Before Pernicone passed in 2013, he told Ottanelli that he was now in charge of finishing the book if he did not want “ten years of research to go to waste.” Ottanelli accepted the challenge, first entering the mindset of Pernicone by going through his 700-page manuscript and the many notes he left behind, and then adding an introduction, conclusion, and connecting thread throughout his work.
The reflections the book presents, especially at the end, articulate important questions for our time as well. The form of political violence practiced by the Italian anarchists is identified as falling under the Italian tradition of tyrannicide, i.e. the killing of a despot for the common good. In a sense these “assassins” can also be seen as “giustizieri,” or “avenging executioner[s] who [exact] retributive justice for the victims of state violence and oppression.” This definition is contrasted explicitly with that for terrorism, which the anarchists are often accused of, and is defined instead as a “violent act committed against unknown people without distinguishing between the innocent and the guilty.” Italian giustizieri of the fin de siècle were very conscious of the political identities and symbolism of their targets – thus when Gaetano Bresci, who assassinated King Umberto I of Italy, was accused, he claimed: “I did not kill Umberto, I killed the king.”
This conversation brings us to analyze terrorism today.
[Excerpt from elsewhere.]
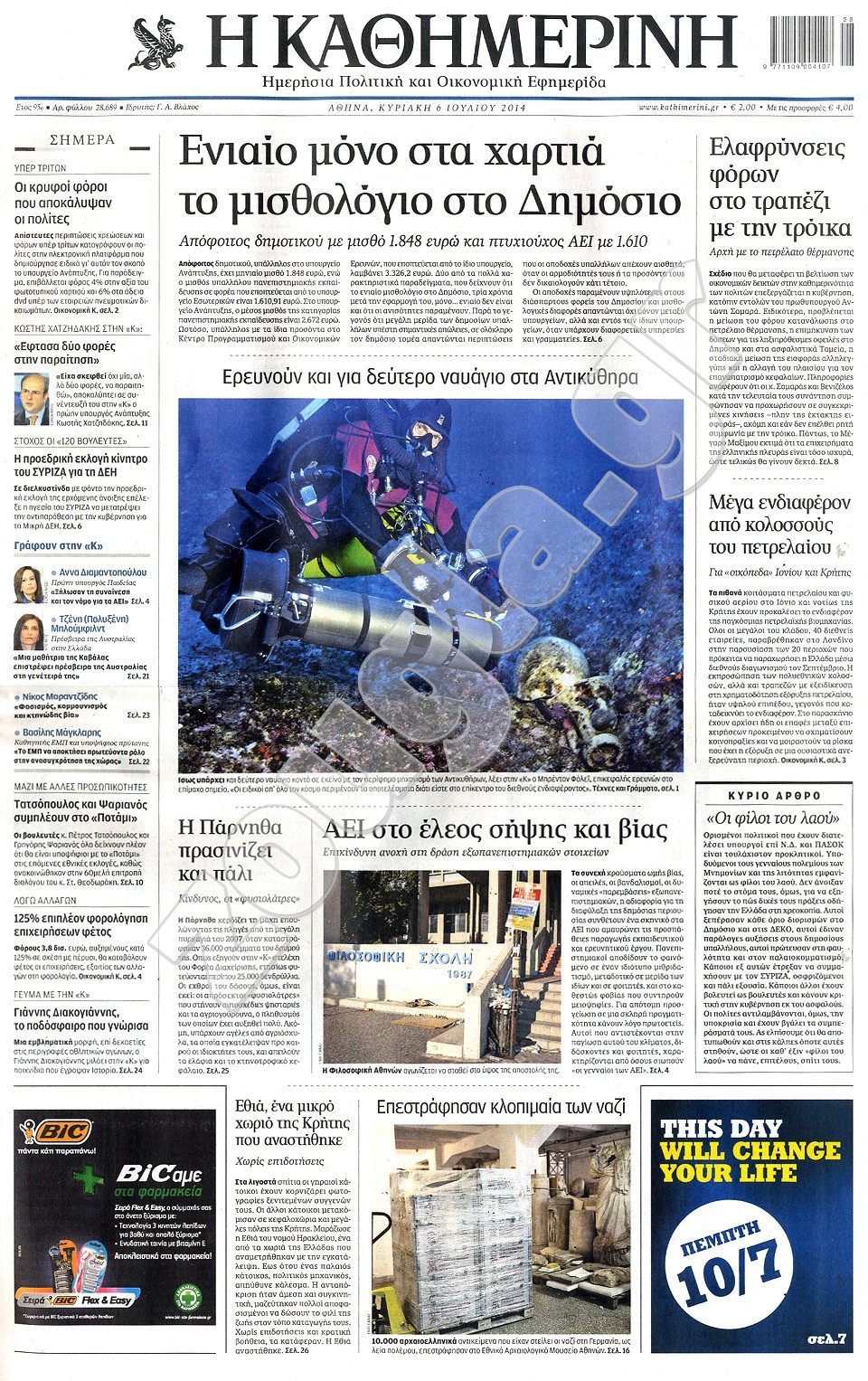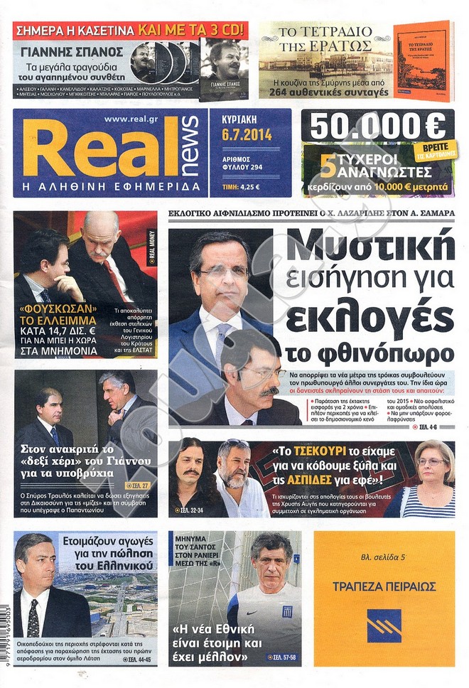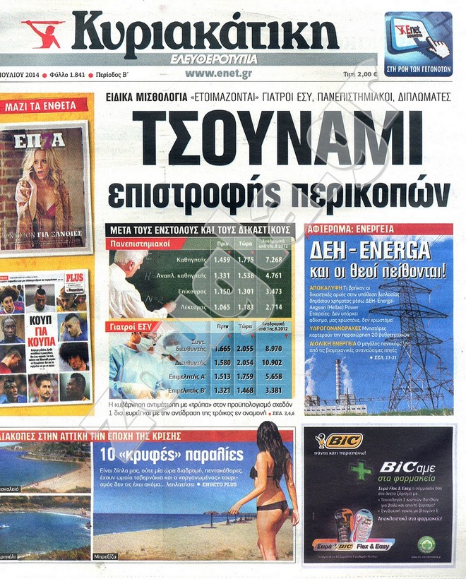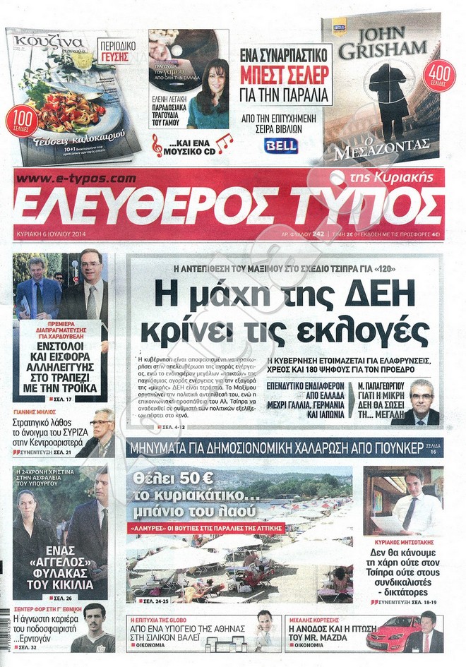 Διαβάστε στο zougla.gr τα πρωτοσέλιδα των κυριακάτικων εφημερίδων...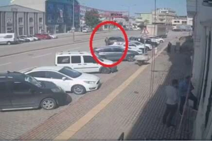 Bursa’da bir otomobil sürücüsü aracıyla geri manevra yaparak süratle ilerleyen o esnada karşıya geçen vatandaşı fark etmedi. Hızla çarptığı kişi yere savrulurken, sürücünün frenleyip durması daha büyük bir facianın önüne geçti. Yaralanan sürücü kendisi için çağıran ambulans ile en yakın hastaneye kaldırılırken, olayla ilgili soruşturma başlatıldı. Kaza anı ise bir işyeri kamerasına saniye saniye yansıdı.

For the past half-a-century, at least in the West, it has taken the form of attacks targeting civilians. In democracies, perhaps, “guilt” and “innocence” are harder to untangle among an electorate complicit in the acting government through the act of voting. Moreover, due to heightened security, it may be simply harder to reach the reigning symbols of power, which in the past could be successfully approached (and stabbed). Assassins Against is a reminder for us to adopt a contextualized approach to understanding political violence in whatever form it may take, rather than resorting to easy vilifications or glorifications. On top of this, it is a quick read due to the many intimate stories that easily guide the reader along. In this event, the Casa Italiana celebrated the importance of reassessing and questioning historical accounts – new contextualizations allow for more nuanced understandings of not only what produced our current order, but also of how it should be approached.